The end of 2010 and the beginning of 2011 marked the beginning a wave of unprecedented revolutionary activity across the Middle East. The dates of the revolutions go something like this: Tunisia-December 17, 2010, Algeria: January 5, 2011, Jordan: 41 January 2011, Yemen: January 22, 2011,Egypt: January 25, 2011, Sudan, January 30, 2011, Palestine: February 2, 2011, Iraq: February 3, 2011, Bahrain: February 13, 2011, Iran:february 14 2011 and Libya: February 15, 2011.
While this list of names is fairly impressive, what is really striking about every one of these revolutions is the fact that they were all sparked by a sharing of ideas and information through the internet and particularly through social networking. People in disparate parts of these countries and all over the globe have been able to plan, strategize, organize and execute what can only be termed as ingenious demonstrations which are always peaceful in intent but are usually marred by violent crackdown by the regime that the protestors are demonstrating against.
Attempts to block internet and cell phone usage in these countries in order to create chaos and a media blackout in which the tyrannical governments can come down hard on demonstrators has failed dismally. Why? Because of the solidarity and unity among the people who are in the country and outside. Information has continued to leak out of Libya where the popular arab network Al Jezeera has been accused of being a main player in inciting people to demand the removal of Gaddafi. Obviously it is impossible to confiscate each and every mobile device in the country and inteference with telecommunications towers can only be temporary. Internet cafes have been shut down but there is always someone with a laptop hidden somewhere who has figured out how to stay connecetd to the internet and continues to pump information out in the form of pictures videos and written commentary.
The power of the internet and social networking is being harnessed to bring about forceful change in countries where entrenched dictatorships were complacent that they would last forever. As the old cliché goes: Nothing lasts forever and while a lot of these regimes have in the past blamed western media and outside influences for inciting unrest withing their borders, this time they cannot decry that old, tired excuse. Many are shocked to discover that their own citizens are so disgruntled and so fed up that they are prepared to be slaughtered on the streets by government troops and policemen. However, in many of these places, such as in Egypt, where Mubarak is now ancient history, these very soldiers and policemen have looked on , rifles pointed in the air and refused to obey the order to fire into the crowd.

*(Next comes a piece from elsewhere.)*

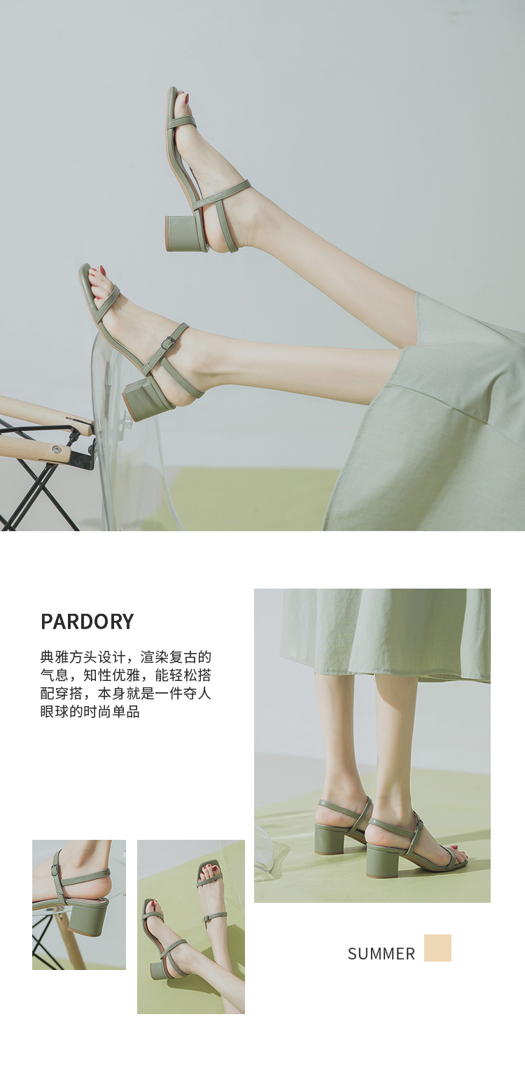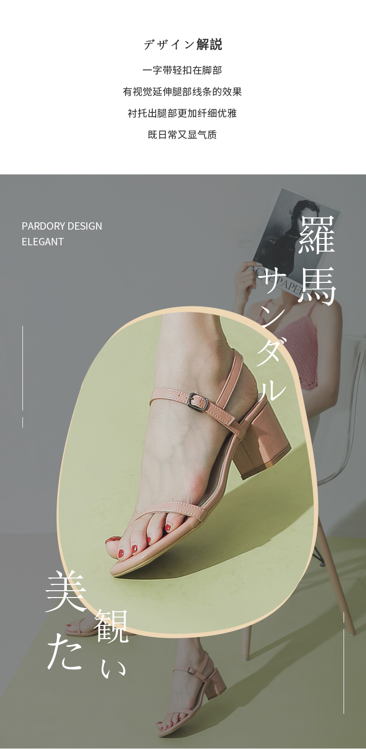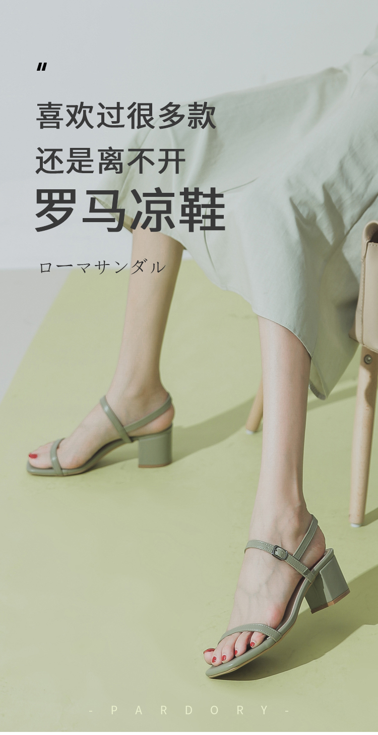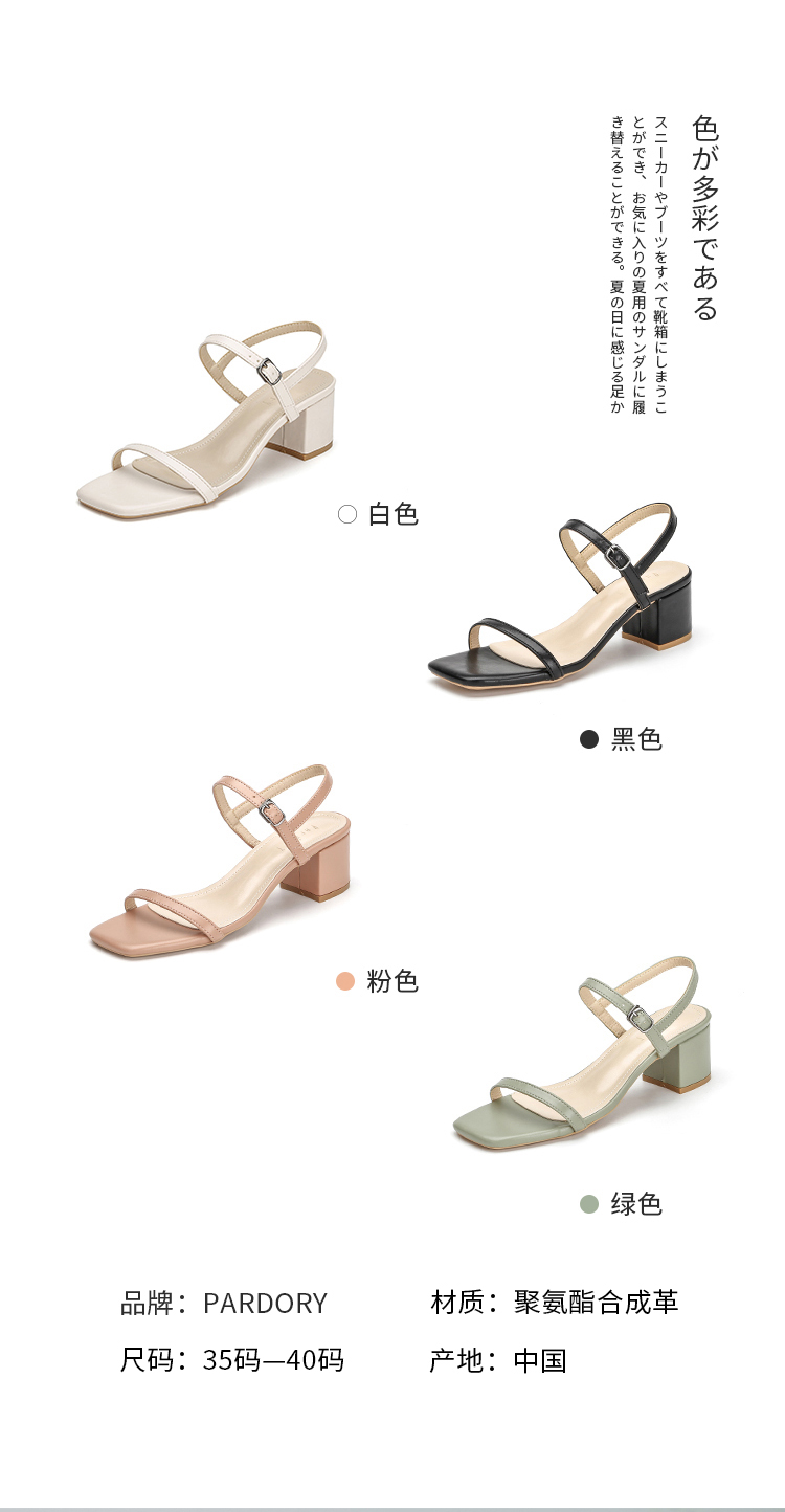 罗马凉鞋仙女风时尚百搭一字带粗跟凉鞋网红高跟鞋PDR128-W 白色35码

What is driving these movements? It is probably a number of things but what springs to mind are these: these movements are being orchestrated by young, technologically savvy citizens who were probably babies when all these dictators came into power and have been in power since. This means that these young people have never really known political freedom in their own lives but thanks to technology, understand that citizens have the right to elect their leaders and also reserve the right to remove them if they do not follow the mandate of the people. Through the internet, young people are getting a full vew of what life in a democratic society run by a democratically elected government yields, in terms of socio economic status, job and educational opportunities and access to goods and services such as healthcare.
The other driver is consistency.The citizens of Egypt were resolute and consistent. They were not going to be cowed into slinking back to their miserable unsatisfactory lives. They stood their ground and cried out long and loud, until Mubarak had no choice but to bow out.
Right now Libyans, who are facing a more violent crackdown with many people already killed and some missing are doing the same thing. They are resolute and consistent.
Zimbabwe is really no different from these countries, apart from the fact that we are not in the northern hemisphere and we are not Arabs. By harnessing the power of the internet and social networking, by putting ethnic and racial, religious and ideological differences aside for a common cause, Zimbabweans can peacefully protest against the tyranny of Zanu PF led by Robert Mugabe and his old cronnies. It has been proven to be a method for removal of autocrats which works. However it requires courage and it requires winning the hearts and minds of the armed forces and the police. It requires casting fear aside and “ looking the regime in the eye”, to quote an esteemed cadre in Zimbabwe’s own fledgeling techno fueled struggle. If all Zimbabweans cast fear and intimidation aside and look the regime unwaveringly in the eye, we can and we shall overcome. The only thing to fear, is fear itself.